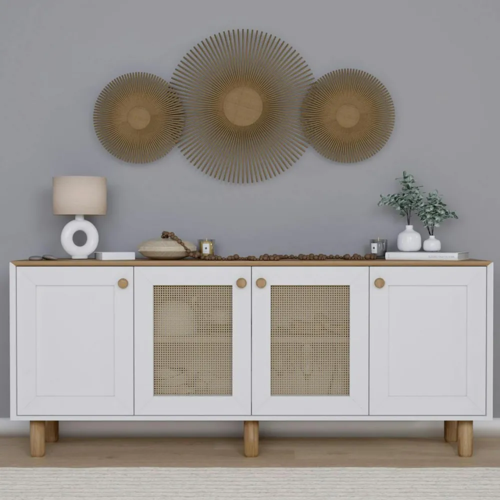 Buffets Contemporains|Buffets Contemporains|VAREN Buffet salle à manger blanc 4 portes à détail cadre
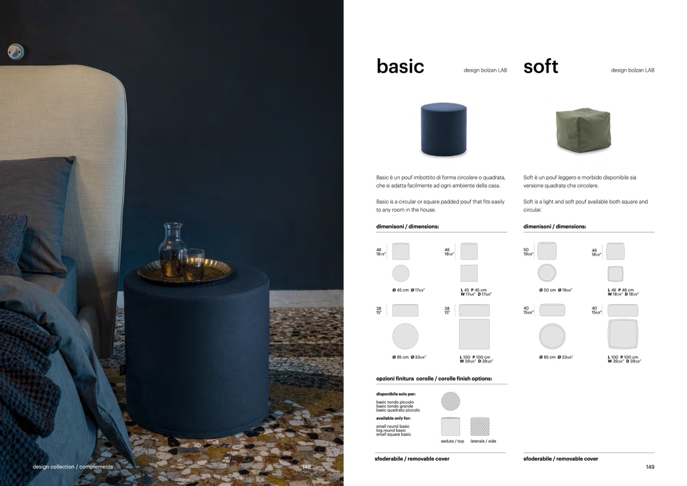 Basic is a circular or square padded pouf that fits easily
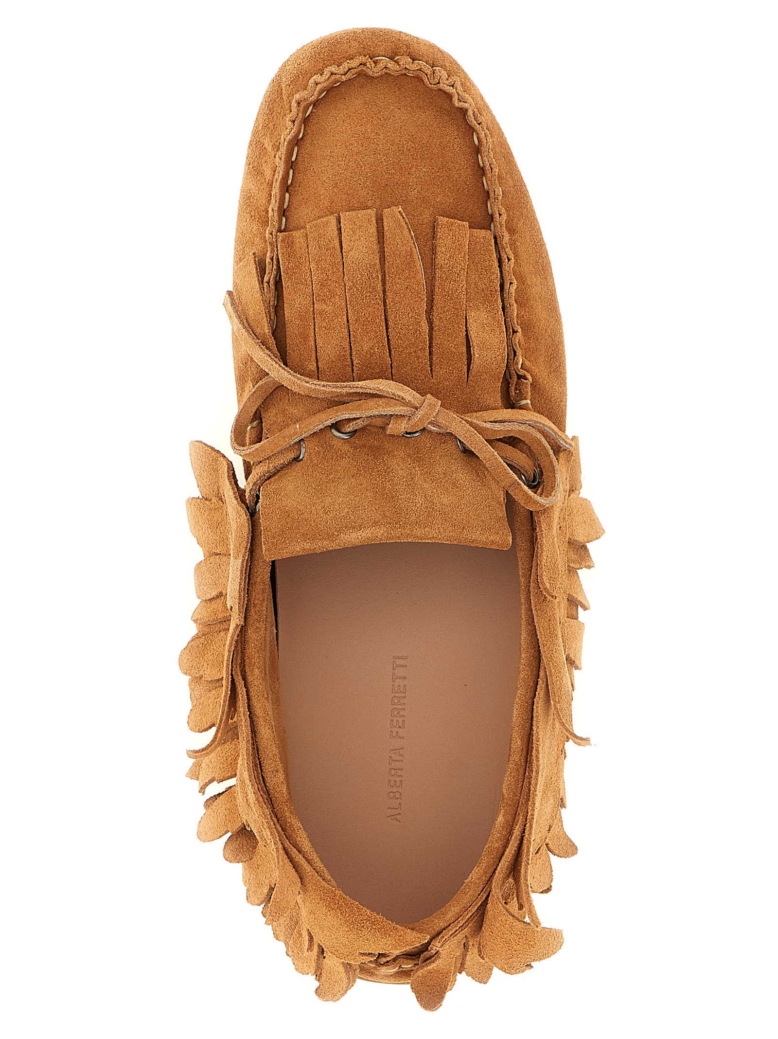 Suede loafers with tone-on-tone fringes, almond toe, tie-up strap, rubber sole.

To do: Leave the pictures out and return the rest of the material exactly.

Exercise solution:
 Buffets Contemporains|Buffets Contemporains|VAREN Buffet salle à manger blanc 4 portes à détail cadre
 Basic is a circular or square padded pouf that fits easily
 Suede loafers with tone-on-tone fringes, almond toe, tie-up strap, rubber sole.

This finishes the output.